◆ Given material ◆
──────

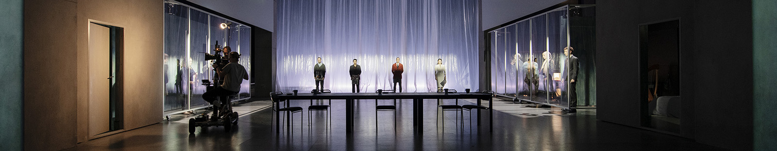 Beskriv så sakligt som möjligt scenkonstverkets olika tecken utan att tolka dess innebörd. I Nationen som är uppdelad i sex olika avsnitt kan det med fördel delas upp i sex olika delar. Dela upp beskrivningen i rummet och i karaktärer.
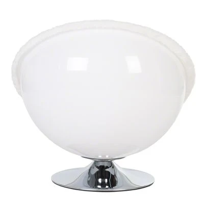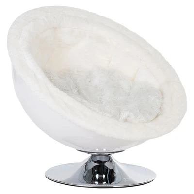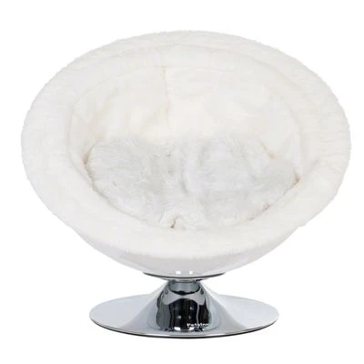 Acryl-retro-stoel in loungestijl van de jaren 70 met verchroomde standvoet en groot, gezellig ligvlak, ook ideaal geschikt voor grote kattenrassen en kleine honden. Kleur: wit.
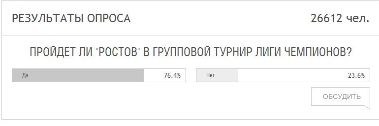 در حدود 77 درصد هوداران فوتبال روسیه در نظرسنجی اسپرت اکسپرس به گزینه صعود تیم روستوف با حذف تیم آژاکس آمستردام و حضور در دور گروهی لیگ قهرمانان اروپا رای مثبت دادهاند. بیش از 23 درصد شرکت کنندگان نیز عدم صعود روستوف را پیشبینی کردهاند.

──────

◆ Goal of the exercise ◆
The response should hold only an exact retyping of the lines from the beginning of the data through the line containing "Acryl-retro-stoel in loungestijl", both ends kept, pictures omitted.

◆ Response ◆
 Beskriv så sakligt som möjligt scenkonstverkets olika tecken utan att tolka dess innebörd. I Nationen som är uppdelad i sex olika avsnitt kan det med fördel delas upp i sex olika delar. Dela upp beskrivningen i rummet och i karaktärer.
 Acryl-retro-stoel in loungestijl van de jaren 70 met verchroomde standvoet en groot, gezellig ligvlak, ook ideaal geschikt voor grote kattenrassen en kleine honden. Kleur: wit.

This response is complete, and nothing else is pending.